Причин для радостей было много, и казалось, что все его воспитанники молодчаги, мировые ребята, способные, талантливые люди и многого добьются в жизни. В такие минуты Копылов как-то не думал о том, что те, кому в жизни не везло и кто мало чего добивался, обычно не писали.
Поглядывая на ребят, заполнивших вагон, Копылов размышлял, кто будет кто. С кем возникнут трудности, а на кого можно будет опереться в работе, кого порекомендовать замполиту Якубовскому в комсомольские вожаки.
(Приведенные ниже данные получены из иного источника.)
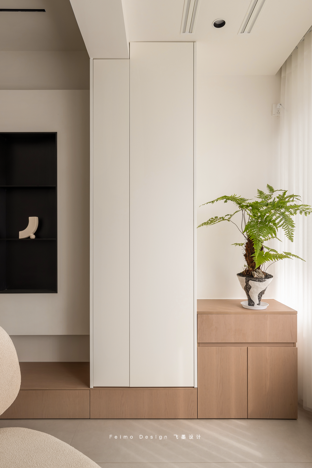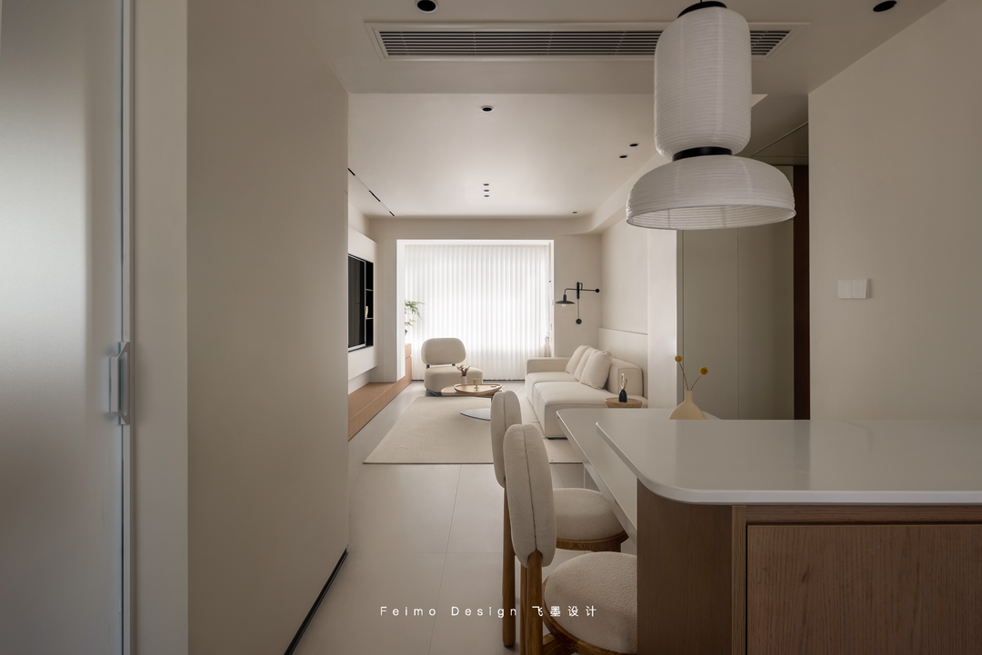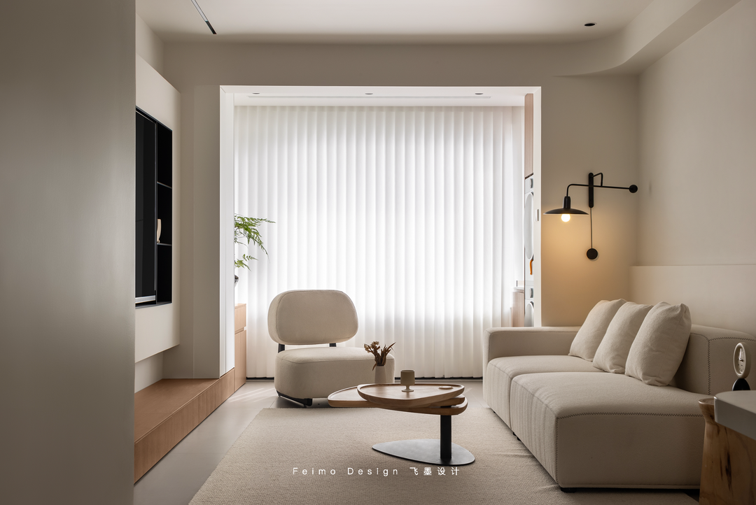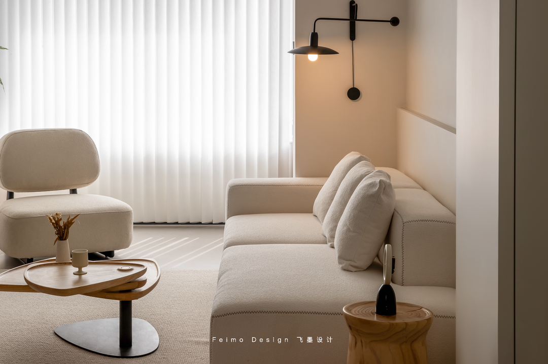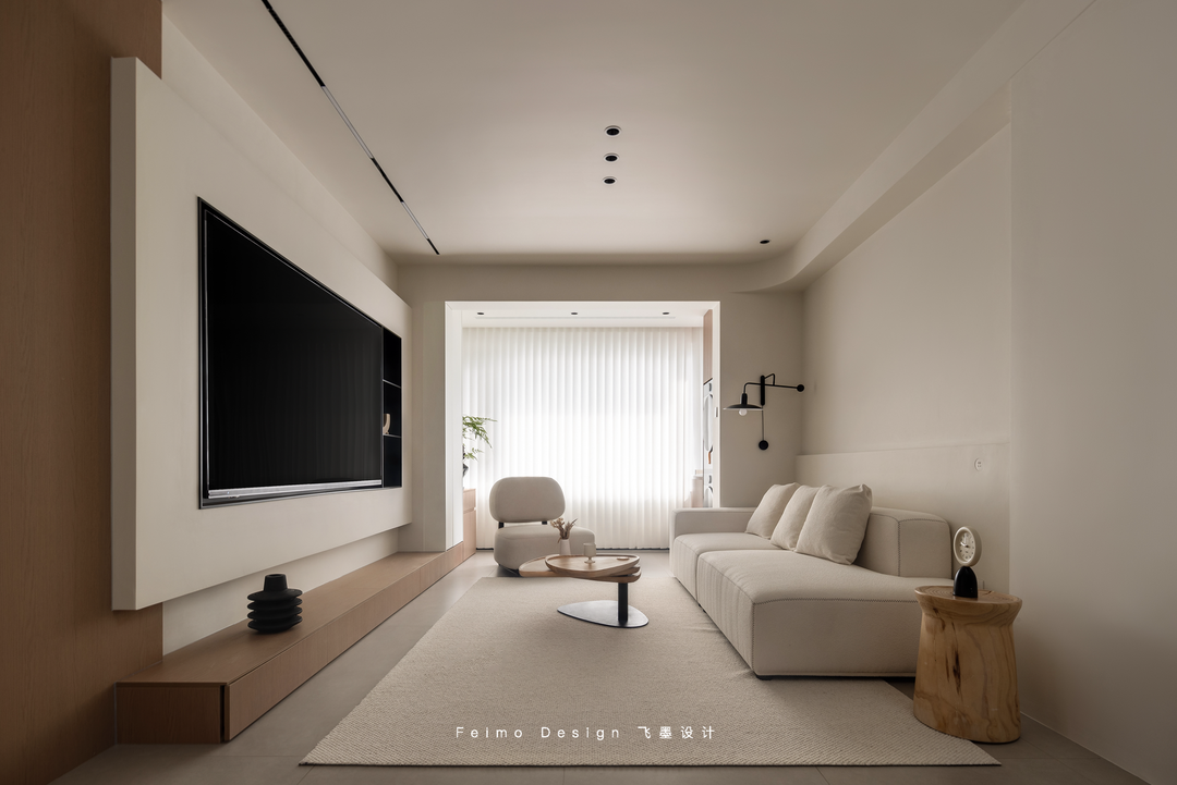 于是设计师在装修过程中尽可能做减法。墙面、顶面、家具搭配等一眼看上去舒适简单,但细看却都有丰富的造型层次:柜子用原木和奶白拼接、电视墙做悬空造型、沙发墙用斯卡帕叠级和灯线组合……

У Копылова хранилась заветная тетрадь. В нее еще в военкомате, на комиссии, он заносил первые данные о призывниках: фамилию, имя, образование, в каком аэроклубе прыгал, сколько имеет прыжков.
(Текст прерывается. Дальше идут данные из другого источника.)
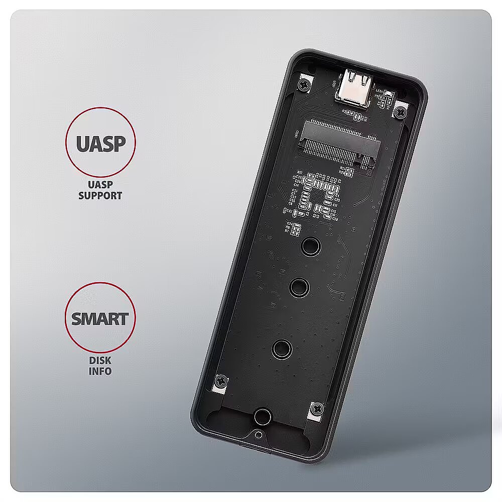 The real box bandwidth / transmission rate is about 2000 MB/s (2 GB/s), it is given by the limits of the USB 3.2 Gen 2x2 interface. Other features:
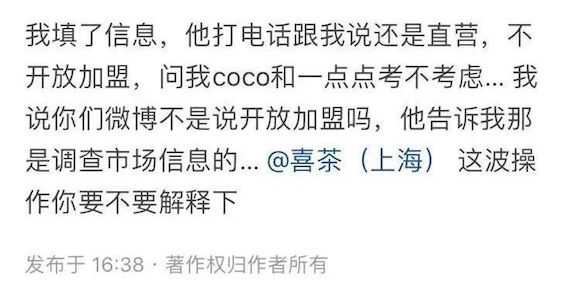 在知乎上,已经有网友表示:提交了报名信息,却被打电话告知还是直营,不开放加盟,CoCo和1点点考不考虑。
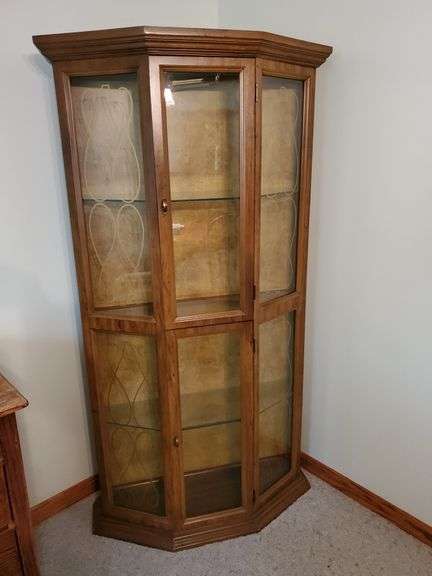 LOT 22 - Three shelf lighted curio cabinet with brass hardware measures 39 in W X 15 in D X 72 in H.
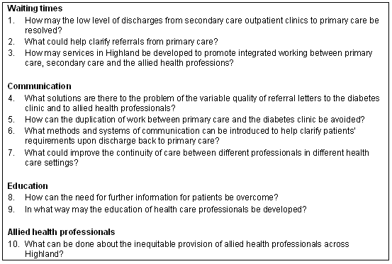 These questions were presented to a regional solutions conference to generate discussion and determine sustainable solutions to the issues raised as areas of system improvement in the mapping process. Invitations to attend this conference were distributed to all general practices, all secondary care personal involved in the care of people with diabetes, and to all patient and carer groups in Highland. Delegates were divided into small facilitated groups and, for each, the discussions and solutions to the questions posed were recorded.
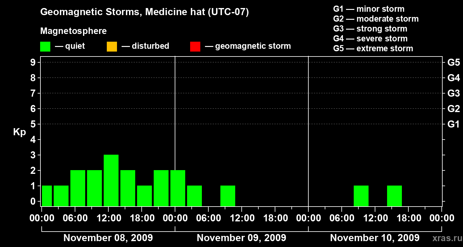 Geomagnetic storms in Medicine hat on Nov 10, 2009
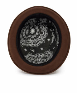 Our Classic Pork Pie Fedora Hat, adorned with a solid color bow hat band for an added touch of sophistication.
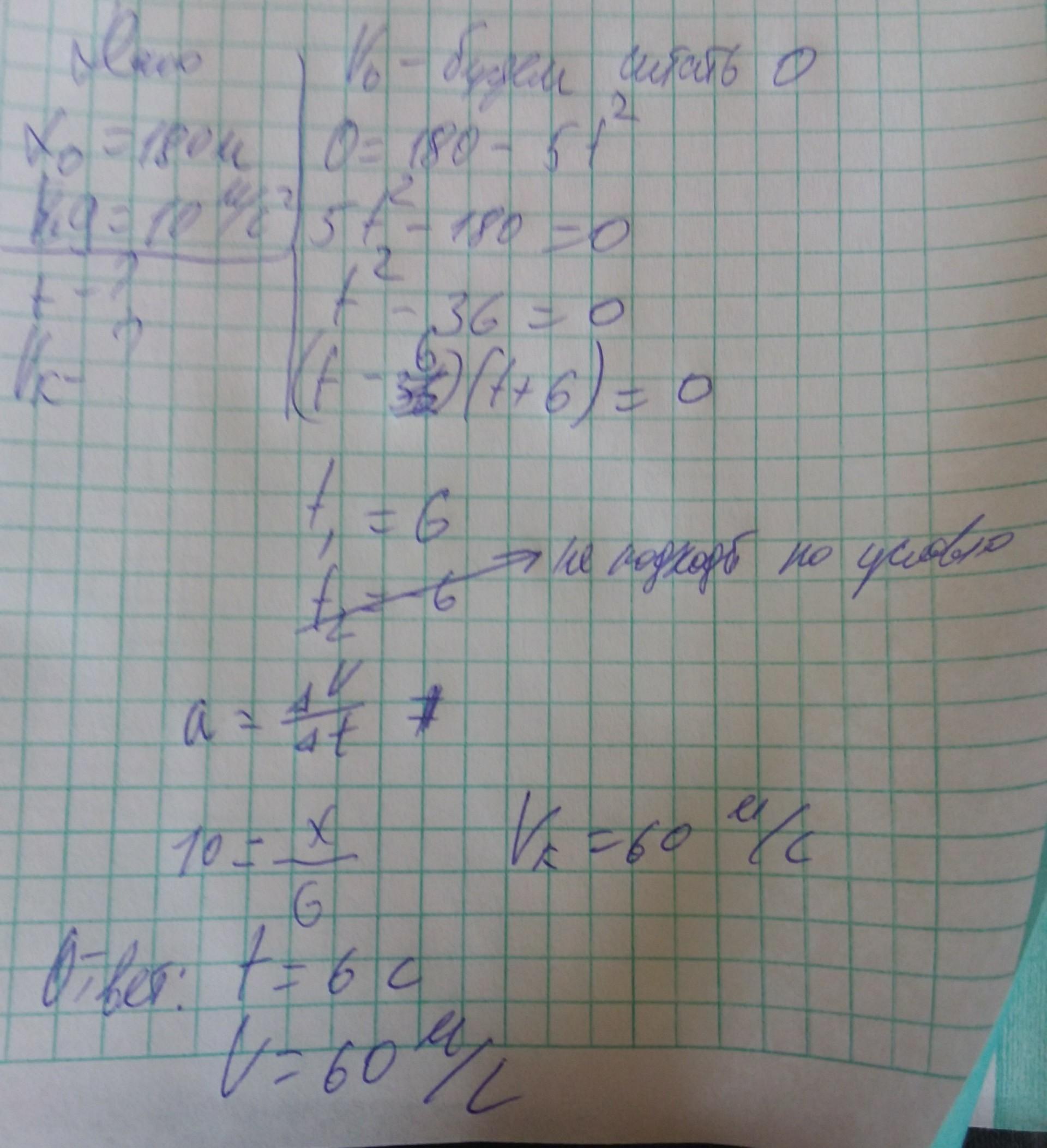 Тело падает с высоты 180 м. Найти время падения и скорость в момент соприкосновения с землёй.
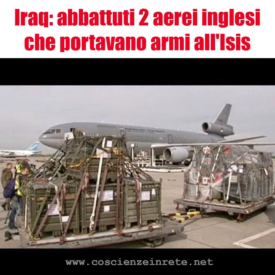 Forze irachene hanno comunicato di aver abbattuto due aerei britannici che rifornivano di armi il gruppo terrorista dello Stato Islamico (ISIS). Lo ha annunciato il Lunedì il parlamentare iracheno Hakem al-Zameli.
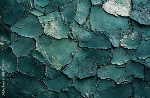 Textured natural wall with cracked paint in dark green and blue tones showcasing rustic beauty and depth : Generative AI
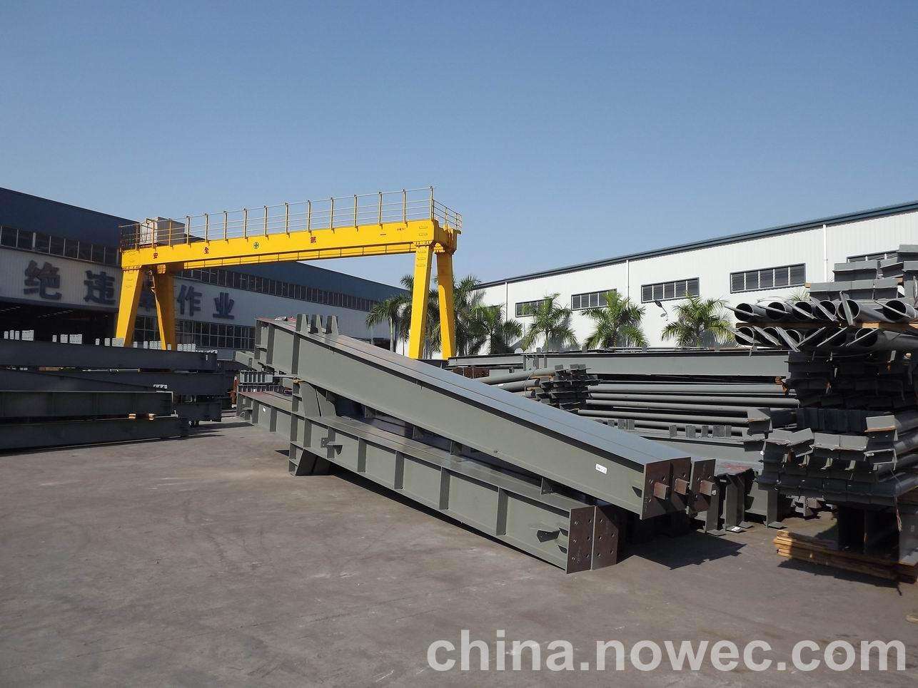 条状单元一般沿长跨方向分割,其宽度约为1~3个网格,其长度为l2或l2/2(l2为短跨跨距)。块状单元一般沿辛集网架平面纵横向分割成矩形或正方形单元。每个单元的重量以现有起重机能胜任为准。条(块)与条(块)之间可以直接拼装,也可空一网格在高空拼装。由于条(块)状单元是在地面拼装,因而高空作业量较高空散装法大为减少,拼装支架也减少很多,又能充分利用现有起重设备,故较经济。这种安装方法适用于分割后网架的钢度和受力状况改变较小的各类中小型网架,如两向正交正放四角锥、正放抽空四角锥等网架。
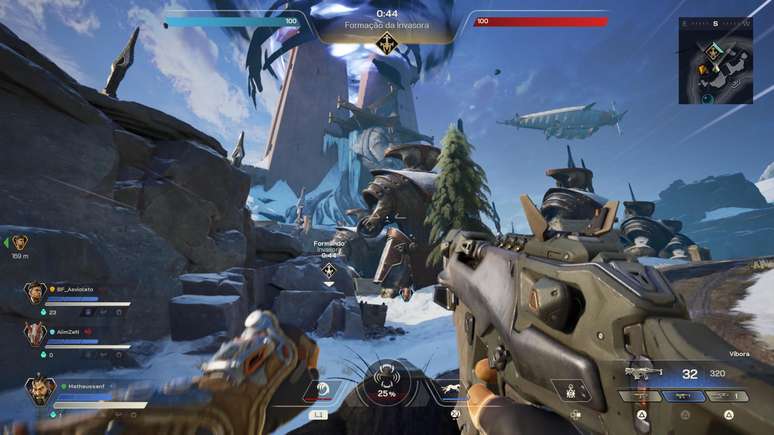 A estrutura das partidas lembra bastante um MOBA. Precisamos coletar itens para reforçar nossa base, obter Vesper para comprar armas, armaduras ou ferramentas de incursão com diferentes raridades no Flynn e, claro, explorar o mapa em busca de baús espalhados pelo cenário, também divididos por raridade. Essa fase acontece antes da partida engrenar de vez e define bastante o ritmo inicial do confronto.

С отобранными людьми беседовал и приступал к заполнению второй части своей тетрадки: кто каким спортом занимался, чего достиг, поет ли, играет, а может, силен в чечетке или в рисовании, что любит, чем увлекается, о чем мечтает…
Наконец, третий, самый интимный раздел содержал уже результаты наблюдений Копылова над людьми: кто мрачный, кто веселый, медлительный, вспыльчивый, обидчивый, энергичный, вялый. Каков с товарищами и они с ним, легко ли будет с таким работать. Иногда даже замечал, с кем именно придется особенно «потрудиться».
Вот тот, например, с ямочками на пухлых щеках и мечтательными голубыми глазами, что читает какую-то книжку, — это Дойников Сергей. Имеет три прыжка. Робкий. Услужливый. Немного рассеянный. Хорошо рисует.
А этот, Костров Георгий, распевающий столь же громко, сколь и фальшиво, — весельчак, немного нахальный, кончил кинотехникум, но работал директором клуба. С этим надо будет держать ухо востро.
У окна, устремив вдаль неподвижный взгляд, Игорь Сосновский, серьезный, вдумчивый, основательный. Мечтает стать инженером. Его уже уважают. Будет наверняка хорошим командиром отделения.
Иван Хворост (странная фамилия!) орешек потверже. Он всегда улыбается, на все один ответ «Есть!», не успеешь сказать, уже срывается выполнять. А в глазах словно затаилась насмешка: «В игрушки играете? Ну-ну. Мне что, могу и подыграть». И еще: вчера, выйдя в тамбур, Копылов застал там Хвороста с другим новобранцем, и ему показалось, что Хворост быстрым движением спрятал за пазуху бутылку. Но, может быть, только показалось…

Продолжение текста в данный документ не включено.